***** DATA SECTION

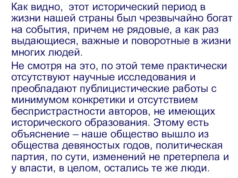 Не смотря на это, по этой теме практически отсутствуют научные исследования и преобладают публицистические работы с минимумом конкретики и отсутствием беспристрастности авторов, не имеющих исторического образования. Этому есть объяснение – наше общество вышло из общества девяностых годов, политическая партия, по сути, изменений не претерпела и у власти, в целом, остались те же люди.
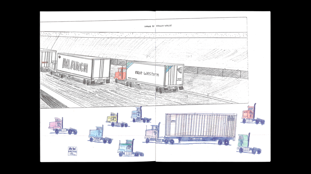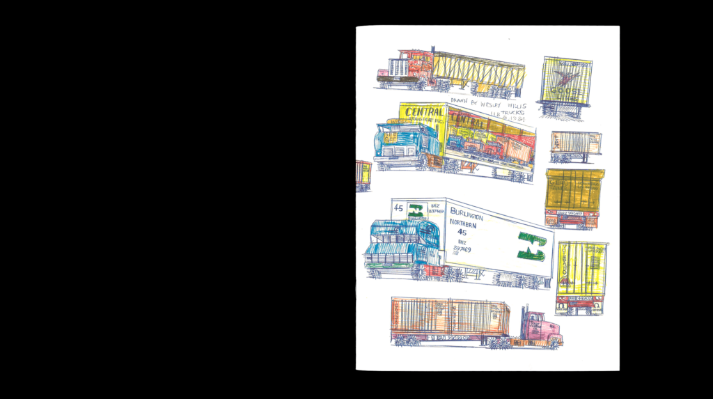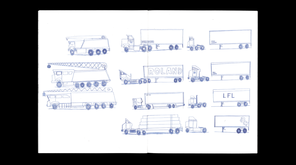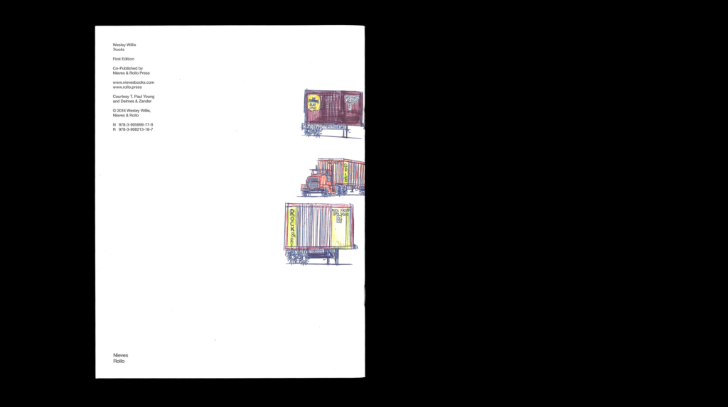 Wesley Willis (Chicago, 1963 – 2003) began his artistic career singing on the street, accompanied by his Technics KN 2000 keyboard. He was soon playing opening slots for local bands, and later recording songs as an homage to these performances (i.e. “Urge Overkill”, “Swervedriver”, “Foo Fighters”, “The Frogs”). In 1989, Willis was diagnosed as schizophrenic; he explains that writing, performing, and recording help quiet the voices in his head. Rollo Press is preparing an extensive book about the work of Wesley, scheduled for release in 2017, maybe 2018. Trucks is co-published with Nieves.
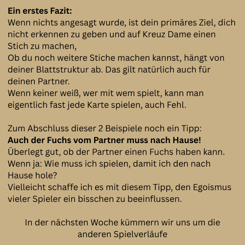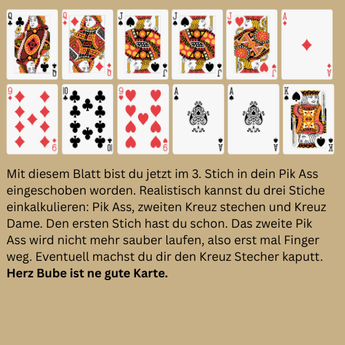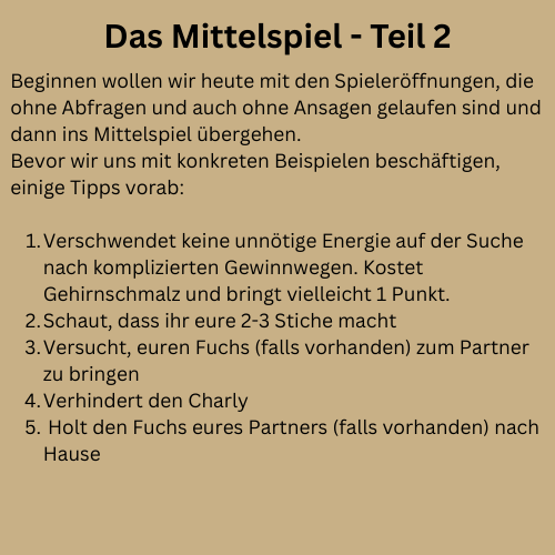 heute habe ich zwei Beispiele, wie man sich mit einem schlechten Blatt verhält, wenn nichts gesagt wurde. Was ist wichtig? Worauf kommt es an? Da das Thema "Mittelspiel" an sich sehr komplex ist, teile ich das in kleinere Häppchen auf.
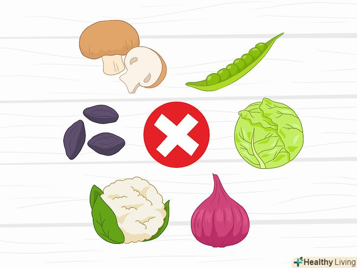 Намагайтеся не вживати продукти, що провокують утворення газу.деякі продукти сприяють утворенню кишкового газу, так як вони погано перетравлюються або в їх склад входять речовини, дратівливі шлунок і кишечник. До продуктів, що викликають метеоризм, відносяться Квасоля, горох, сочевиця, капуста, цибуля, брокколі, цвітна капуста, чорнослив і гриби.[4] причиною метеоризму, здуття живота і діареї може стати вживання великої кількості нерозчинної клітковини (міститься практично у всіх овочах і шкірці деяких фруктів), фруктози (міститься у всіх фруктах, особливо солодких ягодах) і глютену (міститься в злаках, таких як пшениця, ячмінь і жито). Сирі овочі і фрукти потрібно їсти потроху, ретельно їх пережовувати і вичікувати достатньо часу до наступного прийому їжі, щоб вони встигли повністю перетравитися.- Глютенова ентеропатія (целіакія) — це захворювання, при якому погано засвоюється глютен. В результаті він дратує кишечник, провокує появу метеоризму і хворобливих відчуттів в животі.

**********

WHAT IS EXPECTED:
Copy out the material above exactly; the images stay out.

ANSWER SPACE:
 Не смотря на это, по этой теме практически отсутствуют научные исследования и преобладают публицистические работы с минимумом конкретики и отсутствием беспристрастности авторов, не имеющих исторического образования. Этому есть объяснение – наше общество вышло из общества девяностых годов, политическая партия, по сути, изменений не претерпела и у власти, в целом, остались те же люди.
 Wesley Willis (Chicago, 1963 – 2003) began his artistic career singing on the street, accompanied by his Technics KN 2000 keyboard. He was soon playing opening slots for local bands, and later recording songs as an homage to these performances (i.e. “Urge Overkill”, “Swervedriver”, “Foo Fighters”, “The Frogs”). In 1989, Willis was diagnosed as schizophrenic; he explains that writing, performing, and recording help quiet the voices in his head. Rollo Press is preparing an extensive book about the work of Wesley, scheduled for release in 2017, maybe 2018. Trucks is co-published with Nieves.
 heute habe ich zwei Beispiele, wie man sich mit einem schlechten Blatt verhält, wenn nichts gesagt wurde. Was ist wichtig? Worauf kommt es an? Da das Thema "Mittelspiel" an sich sehr komplex ist, teile ich das in kleinere Häppchen auf.
 Намагайтеся не вживати продукти, що провокують утворення газу.деякі продукти сприяють утворенню кишкового газу, так як вони погано перетравлюються або в їх склад входять речовини, дратівливі шлунок і кишечник. До продуктів, що викликають метеоризм, відносяться Квасоля, горох, сочевиця, капуста, цибуля, брокколі, цвітна капуста, чорнослив і гриби.[4] причиною метеоризму, здуття живота і діареї може стати вживання великої кількості нерозчинної клітковини (міститься практично у всіх овочах і шкірці деяких фруктів), фруктози (міститься у всіх фруктах, особливо солодких ягодах) і глютену (міститься в злаках, таких як пшениця, ячмінь і жито). Сирі овочі і фрукти потрібно їсти потроху, ретельно їх пережовувати і вичікувати достатньо часу до наступного прийому їжі, щоб вони встигли повністю перетравитися.- Глютенова ентеропатія (целіакія) — це захворювання, при якому погано засвоюється глютен. В результаті він дратує кишечник, провокує появу метеоризму і хворобливих відчуттів в животі.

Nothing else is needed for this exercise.